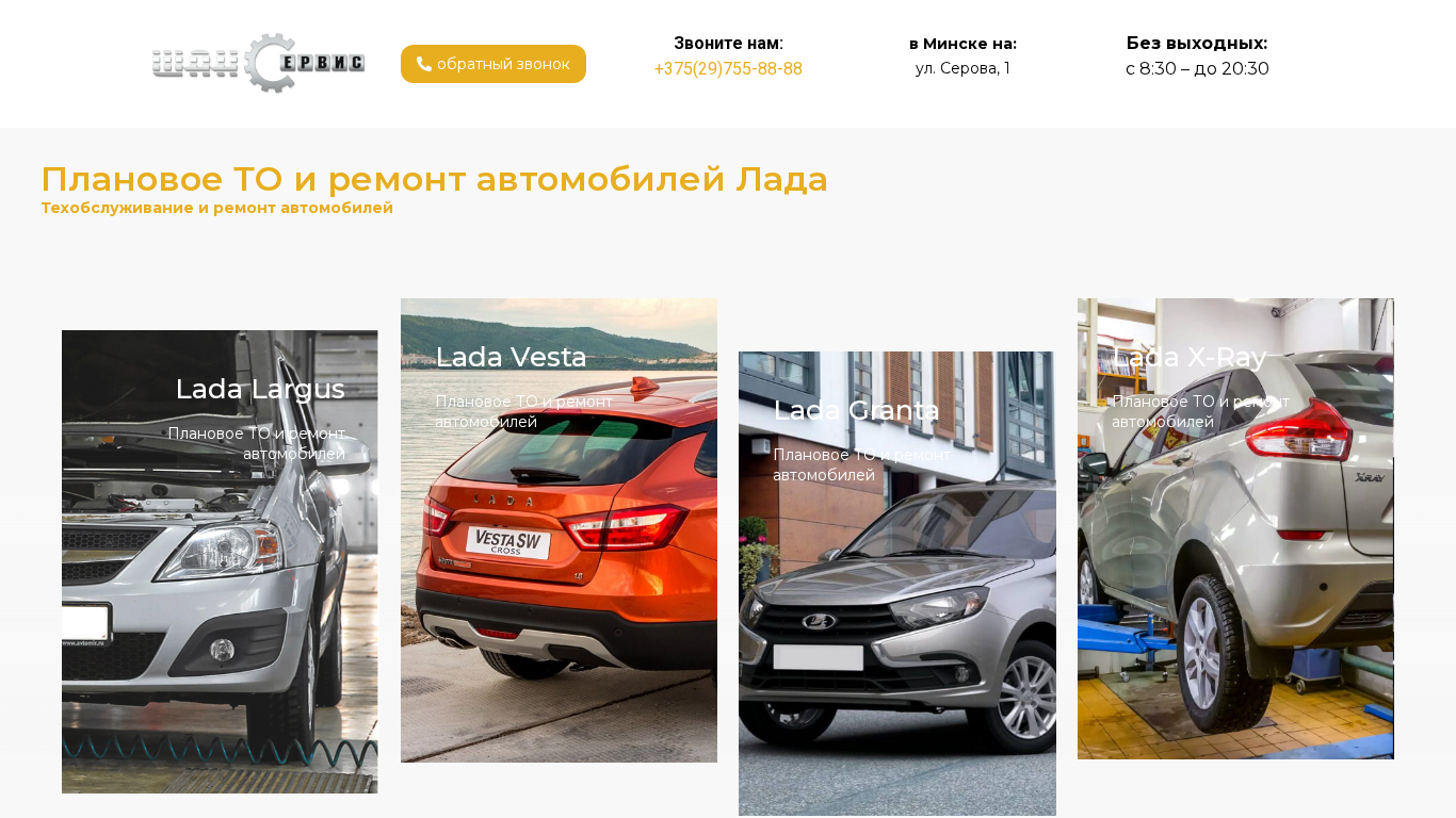 | SEO-описание | Ремонт лада гранта в Минске, ремонт лада веста в Минске, ремонт лада ларгус в Минске, ремонт лада иксрей в Минске. |
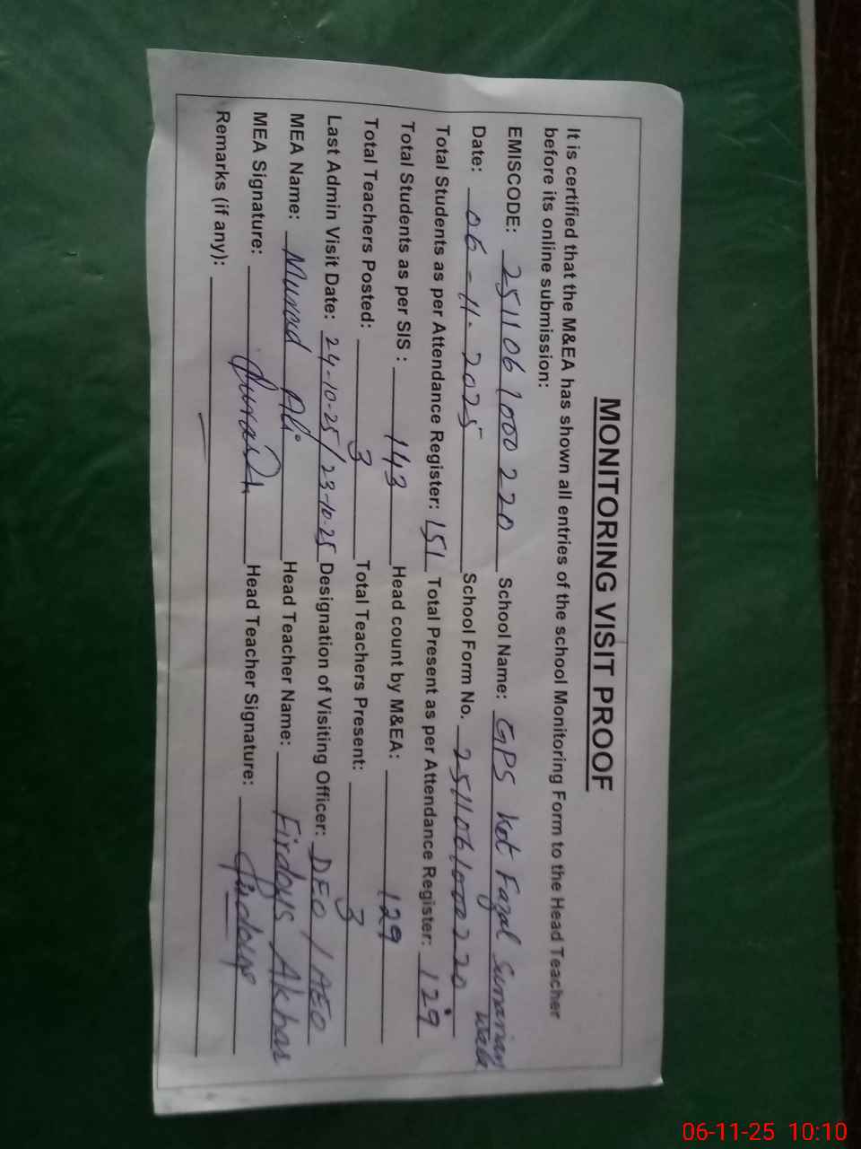 | Attendance Register | Head Teacher | MEA with School | Visit Proof |
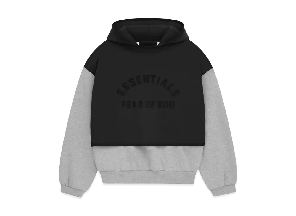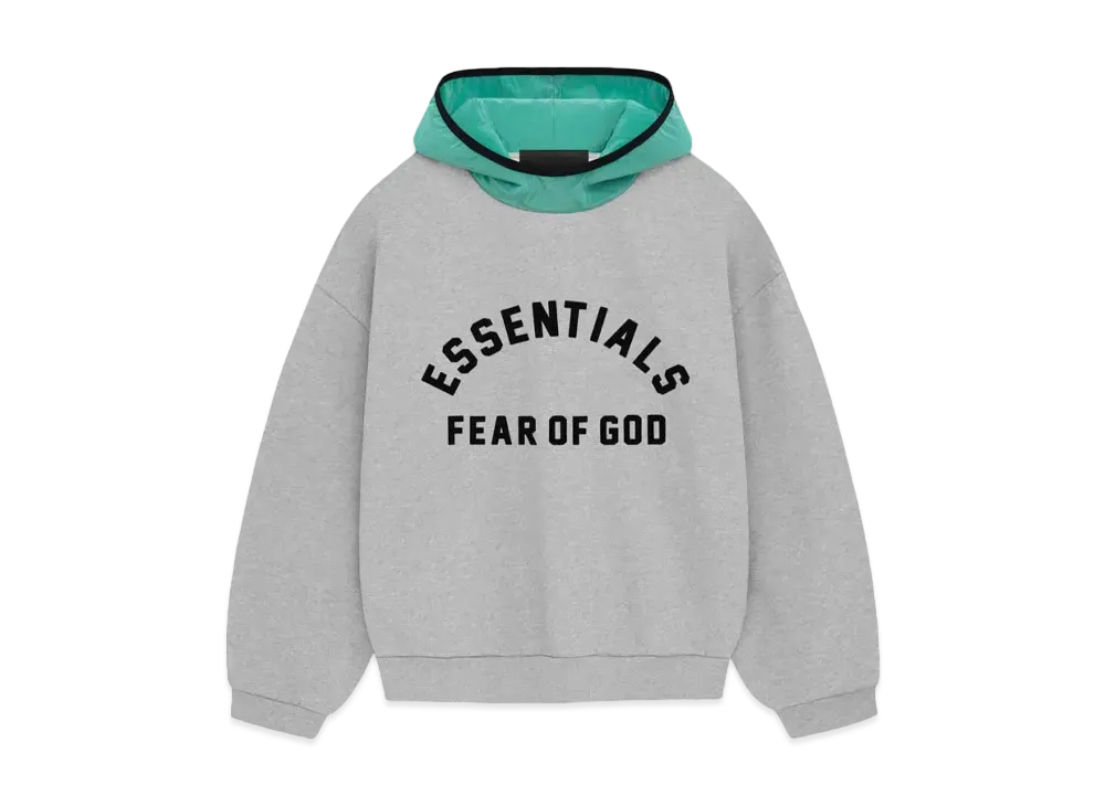 FEAR OF GOD ESSENTIALS Nylon Fleece Hooded Sweater "Light Heather Grey/Jet Black"
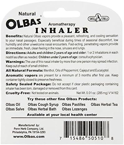 “Get the Power to Breathe, Naturally! From Basel, Switzerland, Olbas oil remedies are famous around the world for their high quality and effectiveness. The Olbas Inhaler uses their special formula of menthol plus oils of peppermint, eucalyptol and cajeput to provide respiratory support year-round.
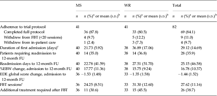 MS, Medical stabilization; WR, weight restoration; FBT, family-based treatment; FU, follow-up; %EBW, percentage expected body weight; EDE, Eating Disorder Examination; s.d., standard deviation.

────────────────

From the line containing "FEAR OF GOD" down to the final line of the material above, reproduce each line exactly and include no images.

 FEAR OF GOD ESSENTIALS Nylon Fleece Hooded Sweater "Light Heather Grey/Jet Black"
 “Get the Power to Breathe, Naturally! From Basel, Switzerland, Olbas oil remedies are famous around the world for their high quality and effectiveness. The Olbas Inhaler uses their special formula of menthol plus oils of peppermint, eucalyptol and cajeput to provide respiratory support year-round.
 MS, Medical stabilization; WR, weight restoration; FBT, family-based treatment; FU, follow-up; %EBW, percentage expected body weight; EDE, Eating Disorder Examination; s.d., standard deviation.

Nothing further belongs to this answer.